Labour says goodbye to Corbyn, to a second referendum and to ‘all that’

The Herald headline above fails to finish off with the dire prospects for Labour if they join with the Tories again to deny Scotland a second independence referendum.

The evidence is staring them in the face.

For some time now, opinion polls have put them down in 3rd place with support declining all the time and both the Tories and SNP pulling away from them. The Opinium poll on 26th March had them at 8%!

And they think strong opposition to Indyref2 is the answer?

In August 2019, an Ashcroft poll suggested 40% of Scottish Labour voters support independence and a national majority is in favour of Indyref2.

Multiple polls have support for independence too close too call with some putting support up at 53%.

Several expert commentators make it ‘all but inevitable’.

Why will the New Blairites support this strategy? Yes, because there’s only one voice they get to hear, all the time, and Ian Murray is utterly out-of-it.

4 thoughts on “Labour says goodbye to Corbyn, to a second referendum and to ‘all that’”

  1. I thought in 2014, if a genuine option for federalism had been on the ballot, it would have won quite comfortably. But the British nationalists were so confident of winning ( and by a huge 3-1 margin) they refused the offer made by Salmond.

    The SNP sit proudly on their dung heap of independence.

    The Tories sit brazenly on their colonial/Scots don’t matter dung heap.

    Labour, which could invoke the “Dominion status for Scotland” desire of Keir Hardie, instead want to clamber halfway up the Tory dung heap, where crowing the same tune wont get them any notice from a sceptical public. Not while the lead singer is smarmy Ian Murray who finds himself in the same place as Kezia Dugdale, at the front with a rictus grin, and few troops, while even smarmier George Foulkes pulls his strings.

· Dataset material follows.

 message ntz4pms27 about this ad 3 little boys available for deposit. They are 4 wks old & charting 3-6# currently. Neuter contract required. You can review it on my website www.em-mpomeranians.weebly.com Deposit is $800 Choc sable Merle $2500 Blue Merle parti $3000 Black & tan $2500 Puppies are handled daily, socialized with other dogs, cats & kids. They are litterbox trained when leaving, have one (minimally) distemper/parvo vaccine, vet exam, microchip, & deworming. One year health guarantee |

    1. There was never any chance of federalism being on the ballot in the 2014 referendum. It was not possible for it to be on the ballot for the simple and rather obvious reason that a federal arrangement would affect the entire UK. Such a vote would have to be put to voters across the UK. It could not be decided by just one part of the UK. It was, therefore, definitively undeliverable. A referendum with undeliverable options is a farce.

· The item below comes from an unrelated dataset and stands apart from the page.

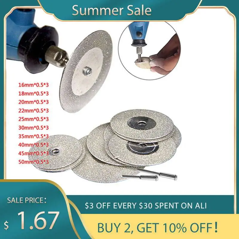 Алмазный шлифовальный круг, комплект из 10 абразивных дисков 16-50 мм с 2 соединительными хвостовиками для роторных инструментов Dremel

      The so-called ‘second question’ on the 2014 referendum ballot referred to an undefined ‘devo-max’ option. Alex Salmond did not want this second question on the ballot for another simple and obvious reason – it could only split the pro-independence vote. He spoke of being prepared to consider the second question knowing that this would be interpreted as him wanting it on the ballot and aware that Cameron would instantly reject it on those grounds alone.

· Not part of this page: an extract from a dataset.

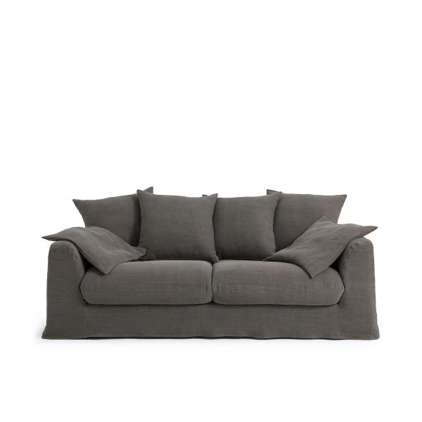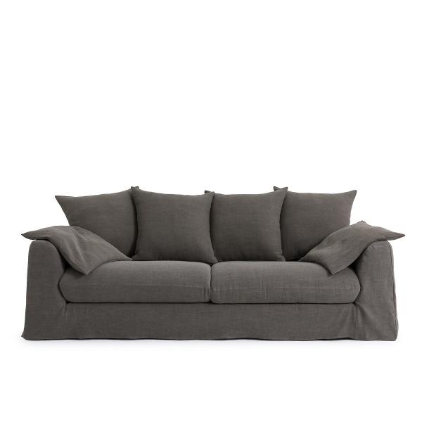 Canapé lin épais stonewashed, Marcoli Argile fumée 4P

      Why didn’t Salmond just rule it out if he didn’t want it? Because, as you note, it was, according to polls, the most popular option. He didn’t want to be the one to deny Scotland’s voters the option they favoured. Fortunately, he didn’t have to. He got David Cameron to do it for him.

      As to British Labour in Scotland (BLiS), their behaviour may seem inexplicable. Adhering to their anti-independence and anti-democracy stance is very evidently doing massive damage to the pretendy party’s electoral prospects. But they will not relent. Because they cannot. BLiS is no more than a regional department of the British Labour Partly and, as such, it is prohibited from standing in elections on a policy platform distinct from that of the ‘parent’ party. Party’s are not allowed to promote different policies in different parts of the UK.

      As a British party, British Labour is part of the British establishment. It serves, and is in turn served by, precisely the same structures of power, privilege and patronage which serve and are served by the British Conservative Party. That is why the two, along with the British Liberal Democrats, so willingly colluded in Better Together/Project Fear. As British parties, they all prioritise preservation of the Union above pretty much everything else. Because pretty much everything that the British state is, pretends to be and wants to be depends on Scotland remaining in Britannia’s jealous grasp.

      British Labour in Scotland languishes in the polls as it does not because it refuses to accept the democratic rights of Scotland’s people but because the Ruth Davidson made a better Queen of the Britnats than Kezia Dugdale. It really is as trivial as that. All the British parties in Scotland are squabbling over the British Nationalist vote. With abundant assistance from the British media, Ruth Davidson did the better job of being the figurehead for British Nationalism. BLiS has never recovered. I think we can safely assume it never will.

      Liked by 3 people

  2. When things get back to normal we will see them for what they are , we will see few objections to Tory Bill’s and more abstentions , allowing Tory policies to sail through, welcome to the Purple Party ! .

    Liked by 1 person

  3. Mr Murray was interviewed on GMS this morning and Gary Robertson broached the matter of independence and a second referendum.

    Mr Murray repeated that the current Labour policy is to oppose both, which is, of course, true.

    When Mr Robertson then pursued the matter of Labour’s problems in Scotland because of this, Mr Murray went on to accept that Labour would have to reexamine and clarify its stance on the constitution at a ‘convention’, but concluded that it would continue to oppose independence and a second referendum!

    And that would be the case even if pro-independence parties won an overall majority at Holyrood in 2021. This is what democracy in the UK means.